─── Source records

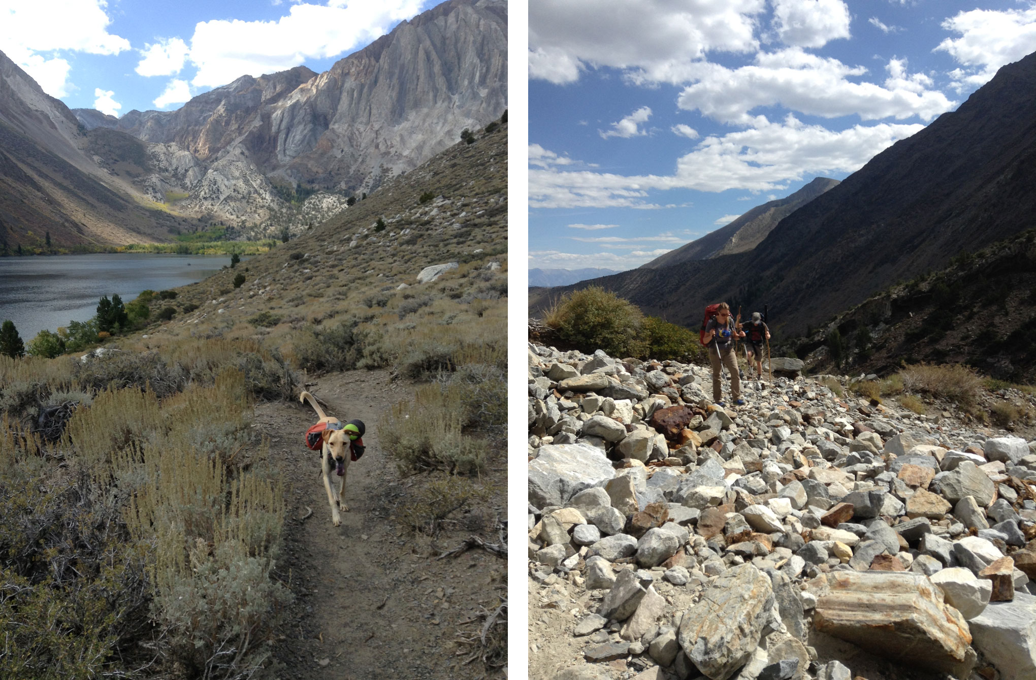 As Aspen and I circumnavigated the trail around Convict Lake my gaze kept returning to the striking geology of the Sevehah Cliff. Aspen wasn’t nearly as impressed as I was, she was just happy to be on the trail; I, on the other hand, wanted to explore up the canyon. We didn’t have time on that hike in 2013, but since then, every time I passed on Highway 395 I’ve glanced up the canyon asking, “What’s up there?!” So when Basil and Soils-4 asked for ideas for an Eastern Sierra adventure I tempted them with a few photos from the internet and sealed the permit when we found Bunny and Bighorn Lakes on the map – ironically we didn’t visit either on this trip.
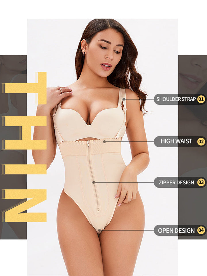 Women Zipper Seamless High Waist Thong Tummy Control Body Shapewear
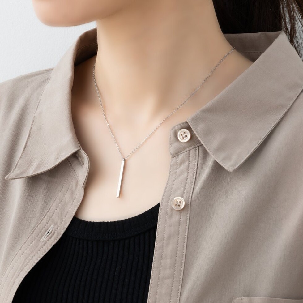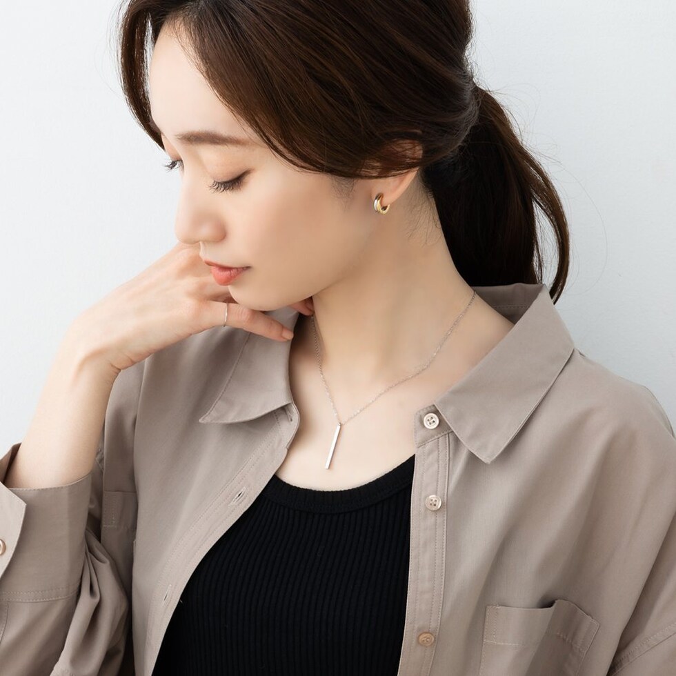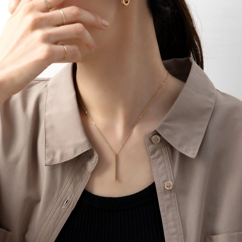 ミニマルなメタルバーが胸元を上品な印象に導くネックレス。余計な装飾のないデザインがノーブルな印象で、いつものコーデを練された雰囲気にチェンジ◎錆びにくいステンレス製でデイリーに活躍しそう。
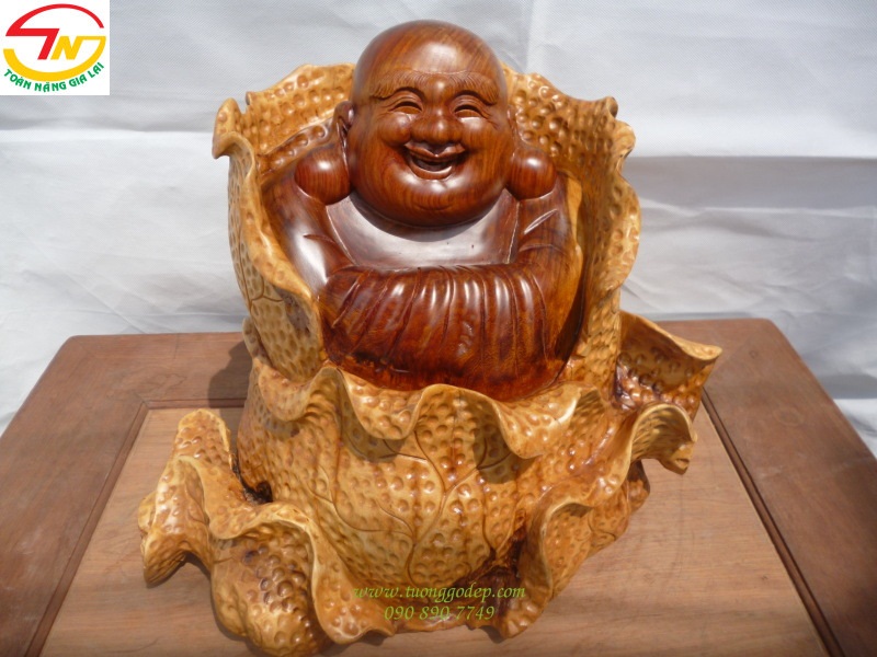 Phật Di Lặc trong bắp cải (Gỗ hương màu tự nhiên rất độc đáo - Cao 38cm x ngang 45cm)
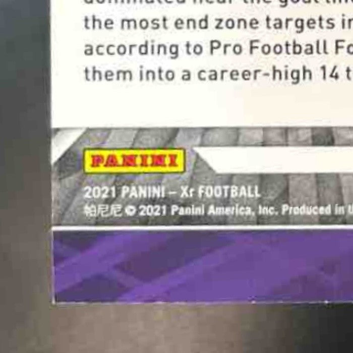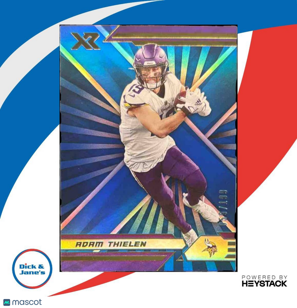 This 2021 Panini XR Adam Thielen Blue trading card is a must-have for any Minnesota Vikings fan. Limited edition, numbered /199, this NFL card features the star receiver in a striking blue design. Add this rare collectible to your sports memorabilia today! Listed With Mascot.
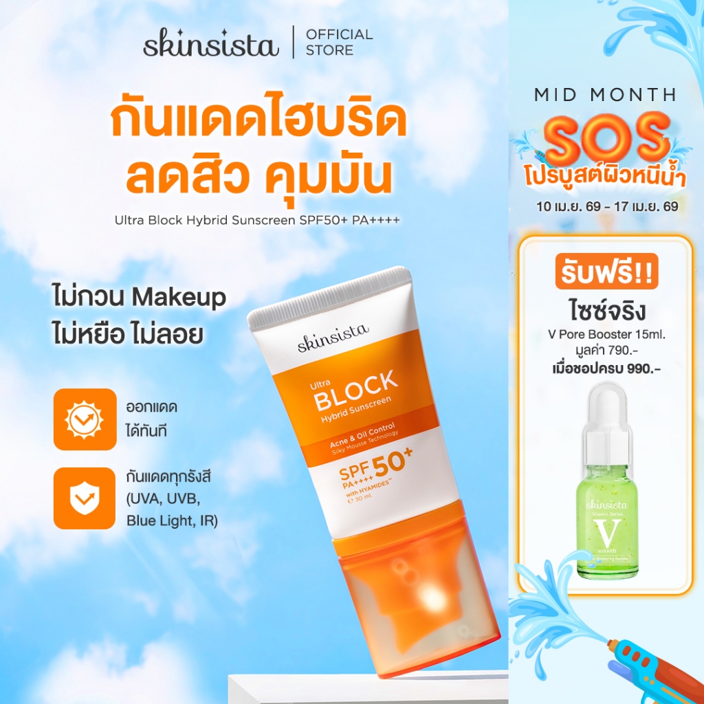Skinsista ครีมกันแดด คุมมัน กันสิว Ultra Block Hybrid สูตรไฮบริด บล็อกทุกรังสี บางเบา
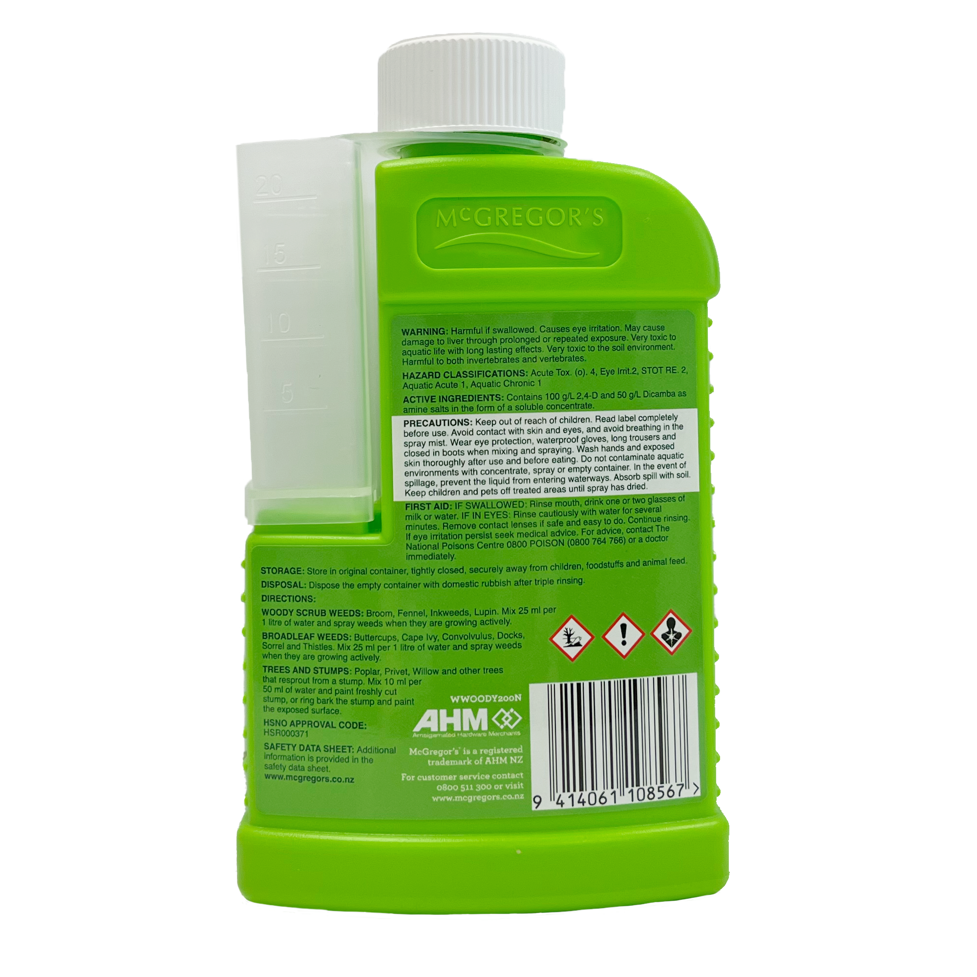 McGregor's Woody and Scrub Weed Control is for use on woody scrub and hard to kill weeds including Brooms Fennel, inkweeds, Lupin Buttercups, Cape Ivy Convolvulus, Docks, Poplar Privet, Sorrel, Thistle Willow and Stumps
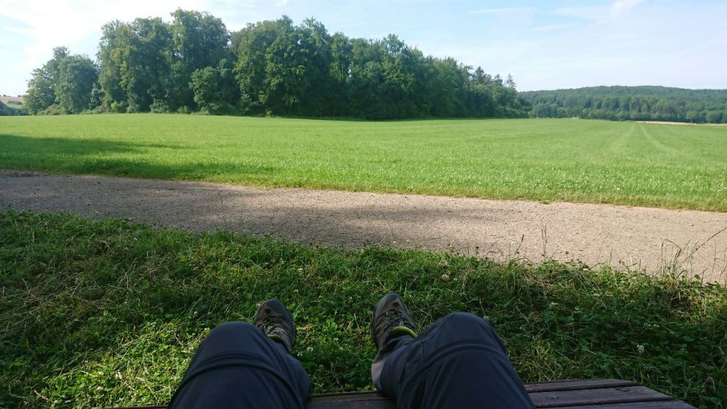 Wir sind mal wieder in unserem Trott, da steht rechts unterhalb des Weges mit Blick auf eine Wiese eine Wohlfühlbank. Wir chillen kurz, ich vergewissere mich, dass unser Zimmer bis 19 h reserviert ist und es geht weiter. Das Schönste am Wandern ist das Innehalten, sind die Pausen.
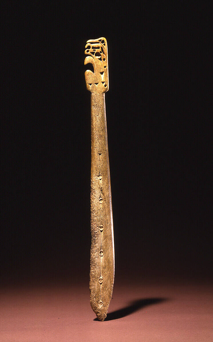Label TextWhaling, a highly revered and sacred endeavor, was fraught with danger. A weapon made from the jawbone of a whale, an animal that evoked so many powerful associations, likely empowered warriors with additional protection. This club’s elaborately carved pommel depicts a bird holding a small animal. The imagery is similar to that on early clubs.ProvenanceCharles Miles, Berkeley, California; Samuel Hubbard, Alaska; Taylor A. Dale, Santa Fe, New Mexico

──────

* Your instructions
If the data includes images, skip them and copy every line exactly.

* Result of the exercise
 As Aspen and I circumnavigated the trail around Convict Lake my gaze kept returning to the striking geology of the Sevehah Cliff. Aspen wasn’t nearly as impressed as I was, she was just happy to be on the trail; I, on the other hand, wanted to explore up the canyon. We didn’t have time on that hike in 2013, but since then, every time I passed on Highway 395 I’ve glanced up the canyon asking, “What’s up there?!” So when Basil and Soils-4 asked for ideas for an Eastern Sierra adventure I tempted them with a few photos from the internet and sealed the permit when we found Bunny and Bighorn Lakes on the map – ironically we didn’t visit either on this trip.
 Women Zipper Seamless High Waist Thong Tummy Control Body Shapewear
 ミニマルなメタルバーが胸元を上品な印象に導くネックレス。余計な装飾のないデザインがノーブルな印象で、いつものコーデを練された雰囲気にチェンジ◎錆びにくいステンレス製でデイリーに活躍しそう。
 Phật Di Lặc trong bắp cải (Gỗ hương màu tự nhiên rất độc đáo - Cao 38cm x ngang 45cm)
 This 2021 Panini XR Adam Thielen Blue trading card is a must-have for any Minnesota Vikings fan. Limited edition, numbered /199, this NFL card features the star receiver in a striking blue design. Add this rare collectible to your sports memorabilia today! Listed With Mascot.
Skinsista ครีมกันแดด คุมมัน กันสิว Ultra Block Hybrid สูตรไฮบริด บล็อกทุกรังสี บางเบา
 McGregor's Woody and Scrub Weed Control is for use on woody scrub and hard to kill weeds including Brooms Fennel, inkweeds, Lupin Buttercups, Cape Ivy Convolvulus, Docks, Poplar Privet, Sorrel, Thistle Willow and Stumps
 Wir sind mal wieder in unserem Trott, da steht rechts unterhalb des Weges mit Blick auf eine Wiese eine Wohlfühlbank. Wir chillen kurz, ich vergewissere mich, dass unser Zimmer bis 19 h reserviert ist und es geht weiter. Das Schönste am Wandern ist das Innehalten, sind die Pausen.
Label TextWhaling, a highly revered and sacred endeavor, was fraught with danger. A weapon made from the jawbone of a whale, an animal that evoked so many powerful associations, likely empowered warriors with additional protection. This club’s elaborately carved pommel depicts a bird holding a small animal. The imagery is similar to that on early clubs.ProvenanceCharles Miles, Berkeley, California; Samuel Hubbard, Alaska; Taylor A. Dale, Santa Fe, New Mexico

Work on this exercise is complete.